What is the correct interpretation for an OLS regression coefficient $b$ if I substract the independent variable $X$ from $Y$ as in:
$$(Y-X)= a + bX + e$$
($Y$ and $X$ follow a normal distribution)?
The full story is the following:
$X$ and $Y$ are two performance measures (e.g., the performance of a firm). The relation between the two measures is $Y$ = $X$ + $DIFF$. All three values are observable.
$X$ contains an unobservable bias $B$ (e.g., the firm wants to show a good performance and exaggerates $X$ using a positive $B$). $Y$ does not contain a bias (however, there still are some unobservable "natural" differences between $Y$ and unbiased $X$, so $DIFF$ is not $B$).

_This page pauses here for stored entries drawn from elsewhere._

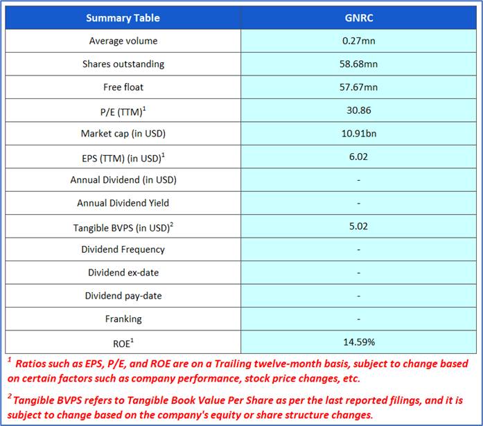 Company Overview: Generac Holdings Inc. (NYSE: GNRC) is a global designer and manufacturer of energy technology solutions. The company specializes in power generation equipment, including automatic, stationary standby, and portable generators, serving residential, commercial, industrial, and telecommunications markets worldwide. Kalkine’s Global Fully Charged Report covers the Investment Highlights, Management Insights, Key Financial Metrics, Risks, and Technical Analysis along with the Valuation, Target Price, and Recommendation on the stock.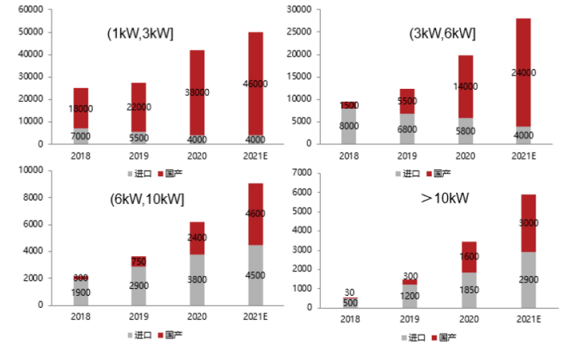 2018-2021E年我国光纤激光器出货情况(单位:台)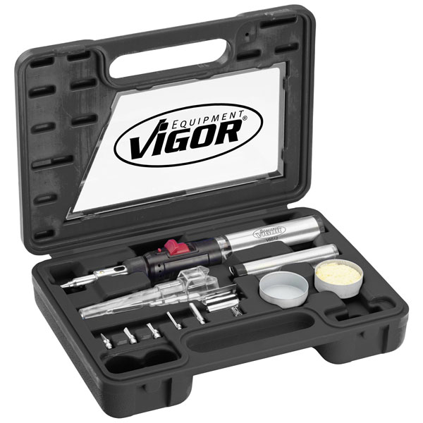 The Vigor V5512 gas soldering kit reaches temperatures up to 1300 °C. It includes a gas burner, making it versatile for various soldering tasks. Suitable for automotive, electrical, and precision repair applications.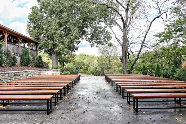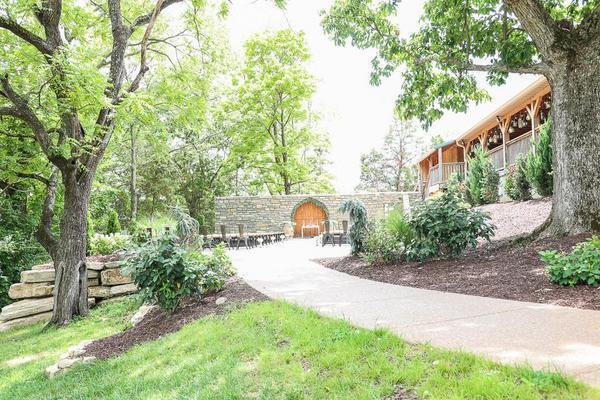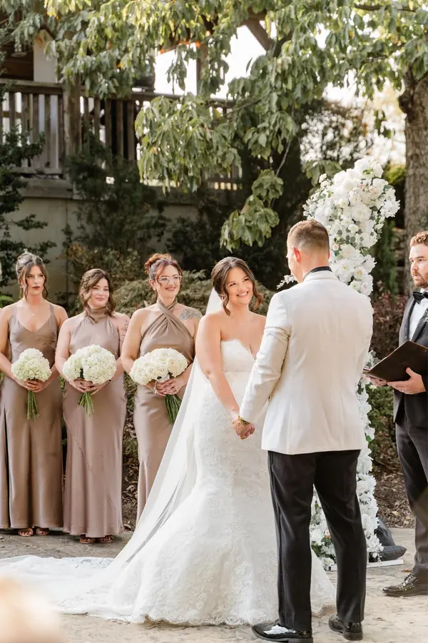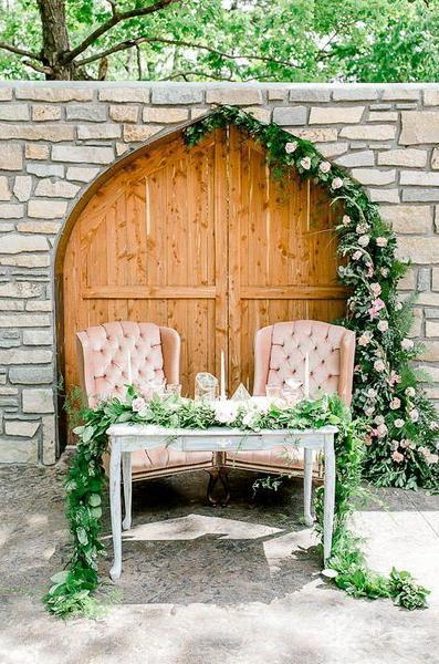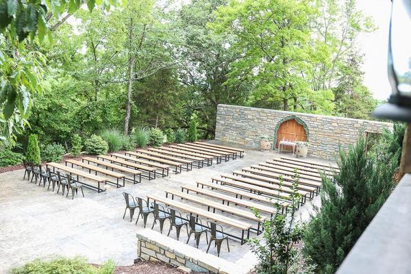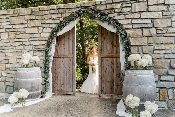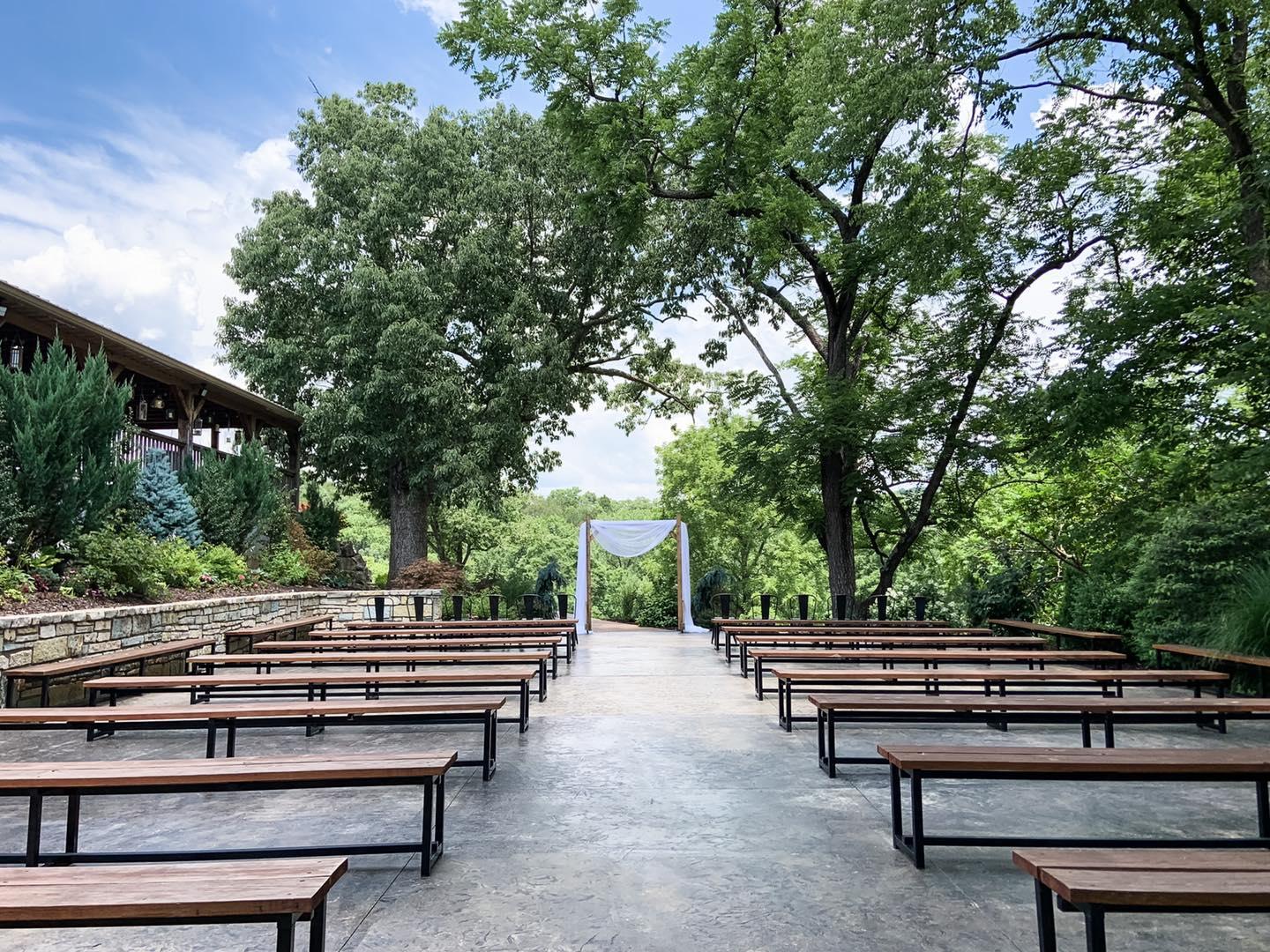 Our outdoor ceremony space was designed with our brides in mind. With two entryways, brides can decide whether they want to get married with their ceremony in front of our wooden doors and gorgeous stone wall OR they can choose to have their ceremony under the tree canopy and walk through the wooden doors. We also have various arbors and large ceremony decor pieces on-site for couples to use (yes included in the rental fee).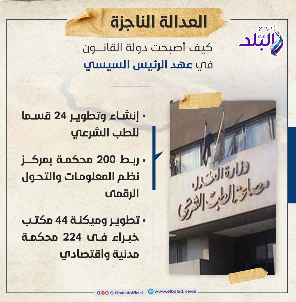 وتضمن مشروع العدالة إنشاء وتطوير 24 قسما للطب الشرعي وتطوير وميكنة 44 مكتب خبراء فى 224 محكمة مدنية واقتصادية على مستوى الجمهورية،كما تم ربط 200 محكمة بمركز نظم المعلومات والتحول الرقمى .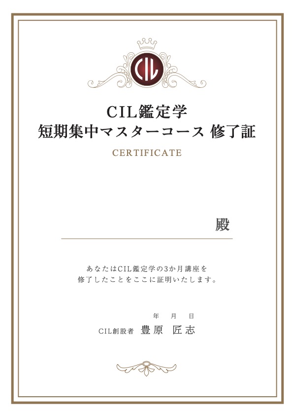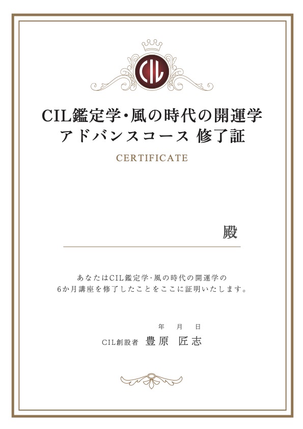 株式会社おしるこ様のサービスである風の時代の開運学®。こちらの鑑定学の講座を受講した方用の修了証です。

I want to use the observable variables $Y$, $X$, and $DIFF$ to figure out how much of the bias $B$ in $X$ is undone in $Y$ (and, thus, ends up in $DIFF$). In other words, $Y$ = ($X0$ + $B$) + ($DIFF0$ - $B$), where $X0$ and $DIFF0$ are the unobservable “true” values of $X$ and $DIFF$.
In the following OLS regression $$ DIFF = a + bX + e, $$ if the coefficient $b$ moves toward 0, I would interpret that as less bias being excluded from $Y$ (and $b$ should be -1 if the whole bias is excluded from $Y$)
However, I am not sure if my regression approach/interpretation is right here. Therefore, any help is very much appreciated (I am also happy about literature suggestions).